Hi. I bought a house with a kitchen stove in it. I have never used it, principally as it has no chimney/flue fitted. I think it may be Danish in origin as there are markings in the cast stating 'Lange, Svendborg'. I think Lange is a manufacturer and Svenborg is the town in Denmark where it was produced. I am confused by the Scandia markings as I know there is an Australian stove firm called Scandia but I'm pretty sure its not from Oz. 

I'd be grateful for any help identifying the stove. See pictures attached. Thanks.


----------



## begreen (Apr 29, 2015)

I would keep searching around the stove for an identifier. Look under the top plates, inside the oven door, back of stove, etc..There is a Scandia is from Taiwan that did knockoffs of European stoves. Not sure if this is the case here. I've not seen a Scandia cook stove.


----------



## DanCorcoran (May 1, 2015)

begreen said:


> I would keep searching around the stove for an identifier. Look under the top plates, inside the oven door, back of stove, etc..There is a Scandia is from Taiwan that did knockoffs of European stoves. Not sure if this is the case here. I've not seen a Scandia cook stove.



Here's a photo of a Scandia that I bought used, then resold without ever hooking it up.  Didn't learn 'til later of its poor reputation.


----------



## mattwi1 (May 29, 2015)

Thanks guys. There are other markings such as this one on the side bearing the mark of 'Lange, Svendborg' (see pic) - which leads me to believe that it is an original Danish casting not a more recent knock-off from China. I have seen an older model called a Lange 911w elsewhere on this forum, I am thinking it may be an updated version of that. https://www.hearth.com/talk/threads/lange-911w-wood-cook-stove.65470/


----------



## begreen (May 29, 2015)

Scandia may be the model name.


----------



## Wood Heat Stoves (May 30, 2015)

Scandia is a cheap Taiwan brand that replicated other stove designs. I used to sell Lange stoves, including the cookstove, before they stopped importing them into the US. My guess is that Scandia made a mold from a Lange stove and that's why the Lange name is in the casting. They never had a model called the Scandia.


----------



## BrotherBart (May 30, 2015)




----------



## BrotherBart (May 30, 2015)

https://www.hearth.com/images/uploads/Lange-911W-cookstove.jpg


----------



## billb3 (May 30, 2015)

L.Lange & Co. went out of business in 1984.
With the Scandia name on the front I'd be inclined to believe it was a Scandia (Taiwan foundry) knock off of  <something>  that they may have just put the Lange name on. Or it was a turn of the century Lange model they reverse engineered the castings. They were  served a cease and desist from selling blatant copies and for a while  just took the scandia name off their  stoves and still sold them here and there anyway, I'm guessing  until they got another cease and desist. . My dad  had a 0.6 small stove  with no name, just a serial number on the back corner.

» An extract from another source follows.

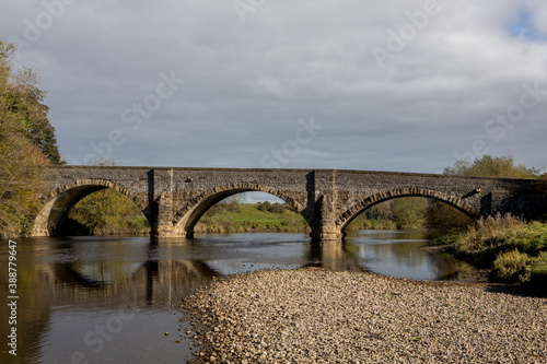 © Matt, Fototapeta premium Brungerley bridge, Clitheroe. Large stone bridge over the river Ribble with reflections in the water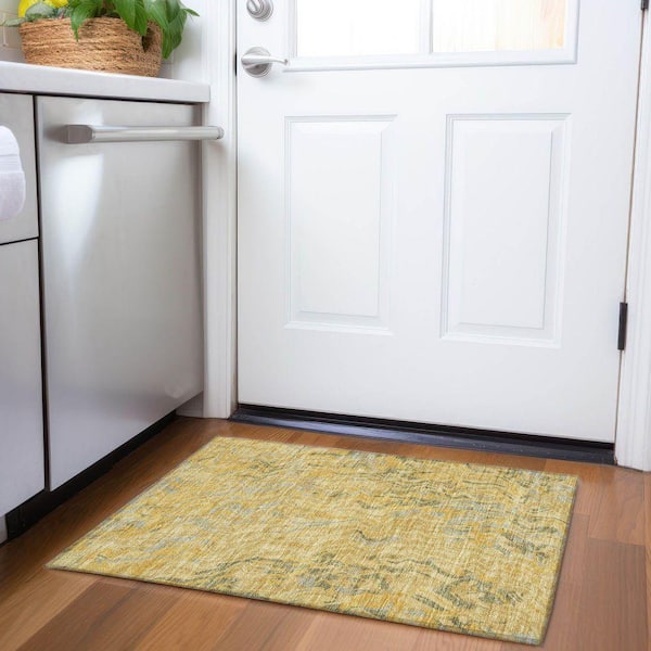Mayfield Premium Machine Washable Abstract AMF1038 Gold 2 ft. x 3 ft. Area Rug

I've done an image search for L.Lange & Co. cook stove and no cook stove with that name on it turn up except for images at Hearth.com.


----------



## BrotherBart (May 30, 2015)

The pics here on hearth.com were provided to us by somebody whose grandparents owned one and it had the manual and other documentation in the oven. The stove is a genuine Lange.


----------



## BrotherBart (May 30, 2015)

http://www.antiquestovehospital.com/225846311?i=71928547

25.Lange,Svendborg - Skandia.


----------



## begreen (May 30, 2015)

Maybe the name was ripped from Lange? Is Scandia name short for Scandinavian?


----------



## BrotherBart (May 30, 2015)

"Early Greek and Roman geographers used the name _*Scandia*_ for various uncharted islands in Northern Europe. The name originated in Greek sources, which used it for a long time for different islands in the Mediterranean region."


----------